I am sharing the space with all the loopy, decrepit geriatrics I have spent the last five years trying to avoid; the cavernous ward echoes with the bleeting of the machines as they alarm because yet another of the old dears has fallen asleep on their tubing. When they are awake they are hooting and hollering for one reason or another, usually because they are imminently about to perform some sort of bodily evacuation, or else are wondering where the tea lady is. Talking of whom, the ice machine has yet to be plumbed in so no ice chips as yet, and we only got one lousy round of biscuits today. How anybody can function in such depraved conditions is beyond me. My lovely gay nurse Joe got waylaid just as I was preparing to put my needles in, so in a fit of frustration I got on with the job myself and for the first time put myself onto the machine entirely unaided. This is something of an achievement, especially as a mere six months ago the very idea of doing my own needles left me aghast, and not a little queasy; however, such a feat is at odds with my current state of mind.
In recent weeks - it might have been months, I've lost the ability to accurately track the passage of time - I seem to have forgotten how to "do" kidney failure. Is this possible? It is as though I have woken up to find I no longer remember how to brush my teeth or make a sandwich (which really would be disastrous, seeing how much I like sandwiches). Those elements of living that were once second nature, whilst not exactly enjoyable were at least manageable, and offset with friends and cocktails and good days at work, have now become fraught with fairly intense anxiety.

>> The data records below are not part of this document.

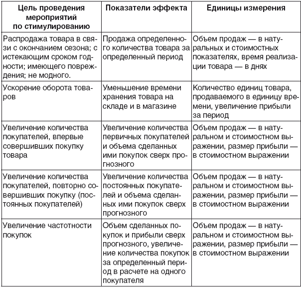 Показатели оценки экономического эффекта стимулирования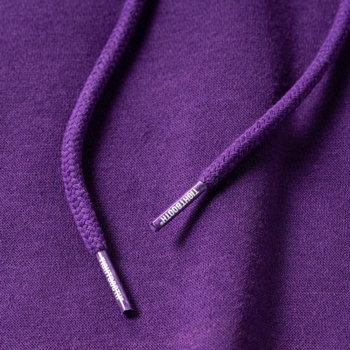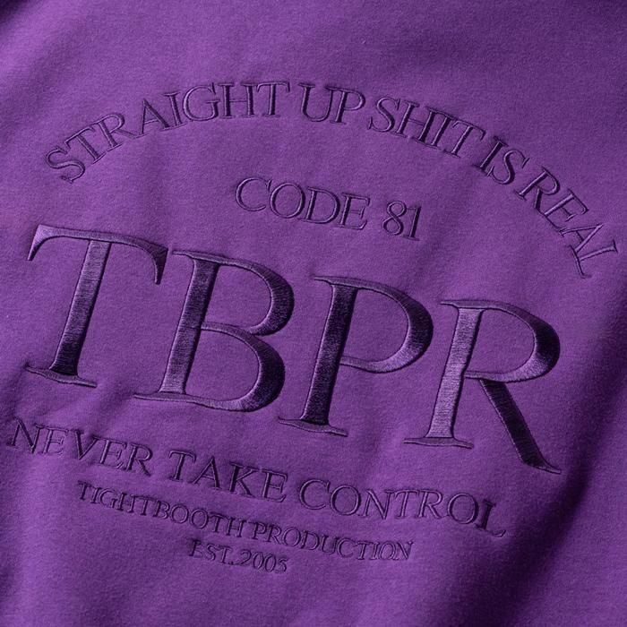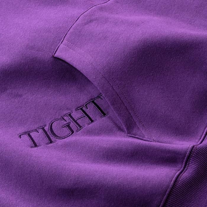前身頃のカンガルーポケットをくぐるようにTIGHTBOOTH PRODUCTIONの文字を曲線状に刺繍。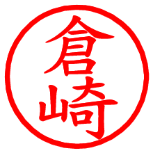 [朱肉の色]を選び、入力窓に“倉崎”と入力して[生成]ボタンを押すと、印影が更新され、リンクから電子印鑑(デジタル印影)がダウンロードできます。 電子印鑑「倉崎」の作り方文字表示が変なときや、文字バランスが悪いときは[字形切替]のチェックボックスでON/OFFを切り替え[生成]しなおしてください。 生成される画像は通常の印影「倉崎.png」と、にじみを表現した少し太めの印影「倉崎B.png」の背面透過PNG形式2種と、鮮明なPDF形式の印影「倉崎.pdf」の計3種類です。 朱肉の微妙な色の違いを7色で表現しました。デフォルト(左端)は、JISが定めた朱肉の色のマンセル値(7.5R 5/14)をRGB値(217,66,54)に変換したものになっています。 「電子透かし」にチェックを入れて[生成]ボタンを押すと、タイムスタンプを電子透かしとして埋め込んだセキュアな電子印鑑が作れます。詳細は別ページの「タイムスタンプと電子透かし」でご覧ください。 倉崎さんの日付印が作れます。「日付スタンプメーカー」は、社内向けの書類に利用されることの多い日付印(データ印)が無料で作れるWebアプリケーションです。中段に日付が入り、上段と下段は、ともに8文字まで文字が入ります。 ![]() 古代文字で落款印が作れます。「落款スタンプメーカー」で作品を引き立たせる落款印が作れます。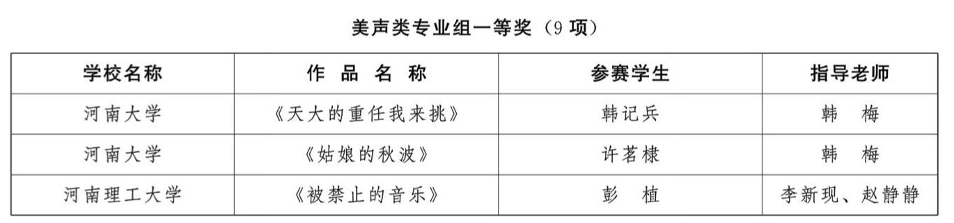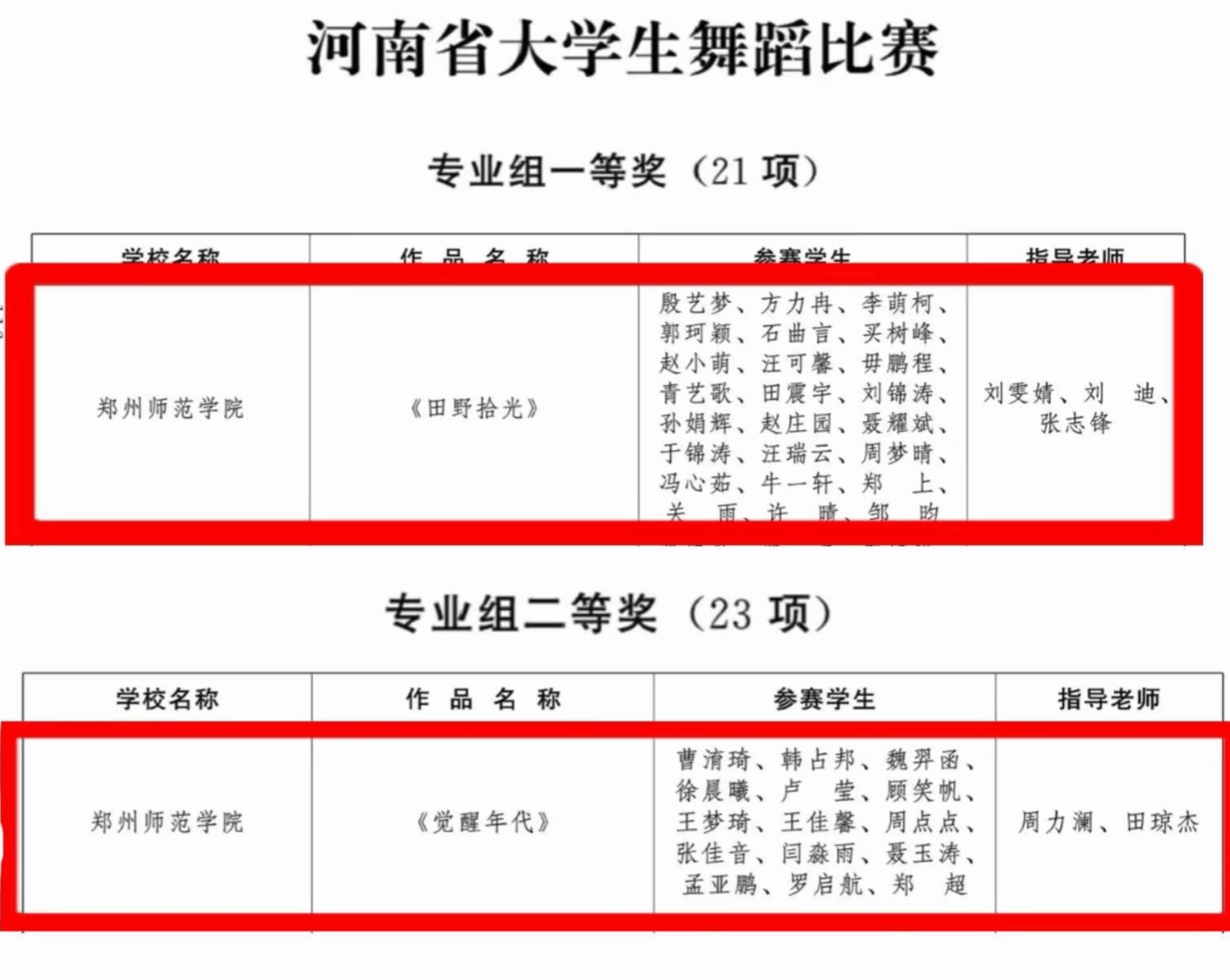舞蹈(专业组):一等奖《田野拾光》;二等奖:《觉醒年代》

I appear to be doing quite a lot of unprompted crying at the moment which is humiliating for both me and those around me - the waiting staff at Bread Street Kitchen were faintly appalled - and not a lot of eating. If only I could eat as many Kit-Kats as I could shed tears. I have the concentration span of a three month old child, and having just spent eight months watching a baby develop I am partially qualified to tell you this is meagre. My friends, my family, my book, my Masters, my eyebrows...all the things I used to enjoy spending time on have barely had a look in. I apologise to anyone reading this who is waiting for a reply to a text/email/Bar Mitzvah invite. If it is any consolation, you are not alone.

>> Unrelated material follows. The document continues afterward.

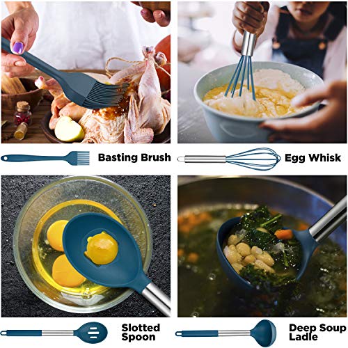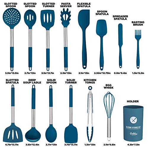 ORBLUE Silicone Cooking Utensil Set, 14-Piece Kitchen Utensils with Holder, Safe Food-Grade Silicone Heads and Stainless…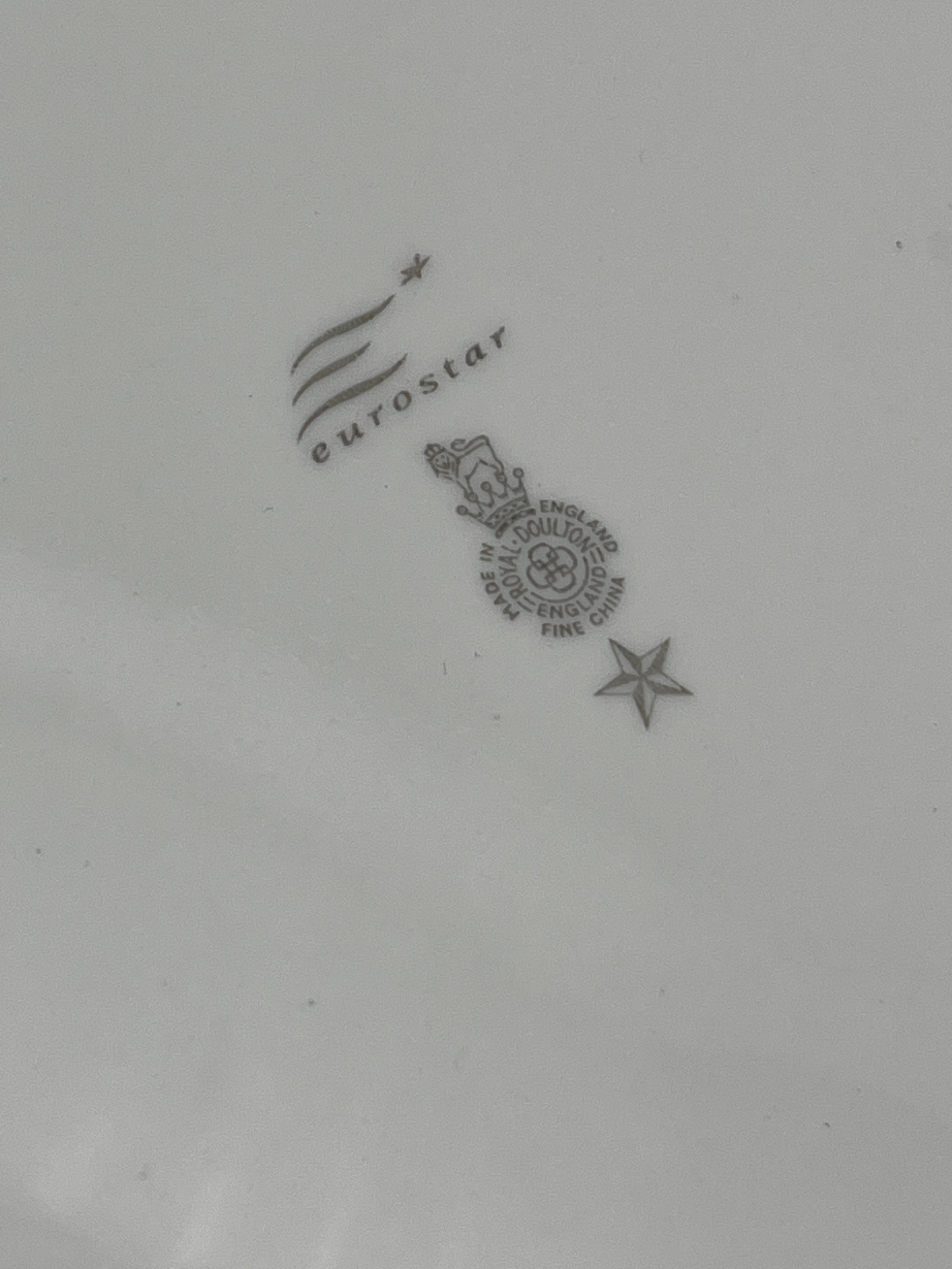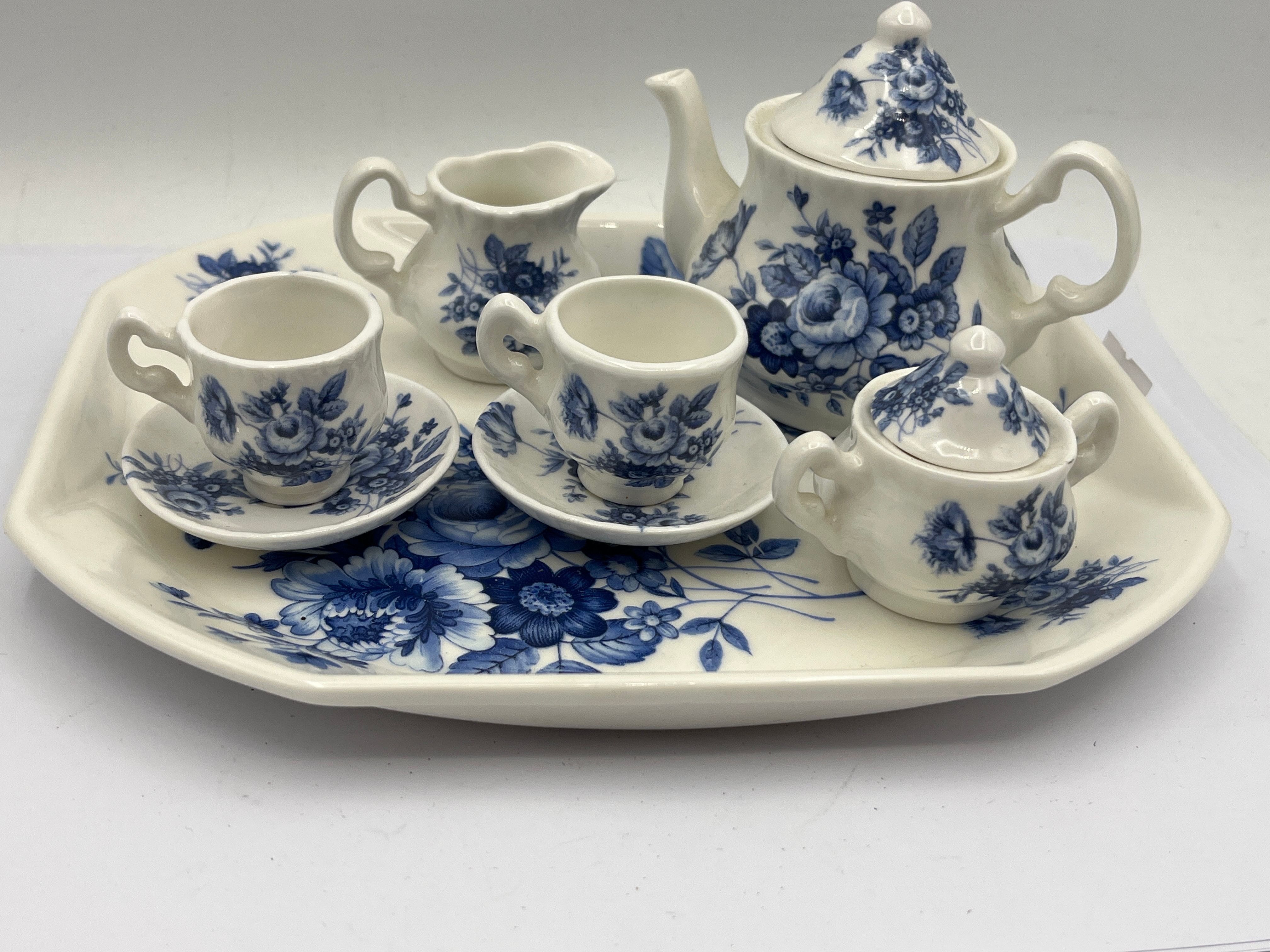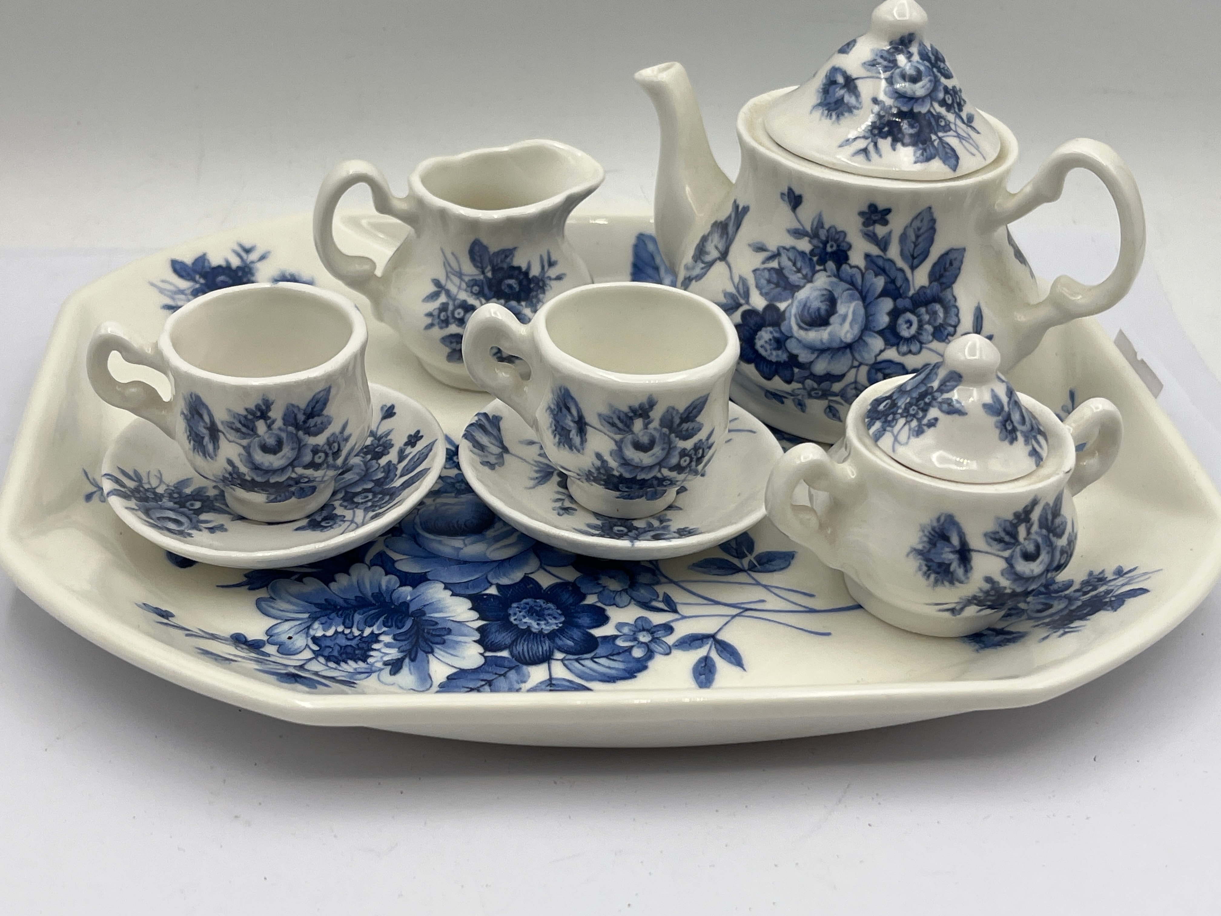 A Royal Doulton Norfolk pattern miniature tea set, comprising a rectangular serving tray, a lidded teapot, a lidded sugar bowl, a creamer, two cups, and two saucers. The set features a consistent blue and white transferware floral pattern, predominantly depicting roses and foliage. Crafted from fine china. The underside of one piece is marked with “Eurostar” and a stylized star logo, alongside a circular mark that reads “ROYAL DOULTON & CO LTD ENGLAND” beneath a crown, encircled by “MADE IN ENGLAND FINE CHINA,” with an additional star symbol below.

The problem is that I have nothing tangible to work towards. Dad's work-up is in limbo, with no guarantee it will result in a transplant; my progress towards home dialysis is riddled with similar torpor, and I cannot move forward on that front until Dad gets the imperious thumbs down. I can't pin-point precisely when things became so un-nerving, and whilst undoubtedly the situation will rally, sometime, somehow...for the time being I find myself living from moment to moment, too afraid to think much beyond the end of the day. All I want is an end to all this uncertainty. The days I spent waiting for a transplant (though I now know they were in folly) were hard, but at least they were...familiar. I could wait for a transplant, I had coping mechanisms to do that and though I may have rallied against them often, amidst all this current bewilderment they suddenly seem like halcyon days gone by.
This said...if I could go back, I wouldn't. Change comes to us all and you never know where it might lead you. I shall give the new unit a chance because the Devil I knew better has gone, and eventually it might even prove to be the last stop on my long journey home.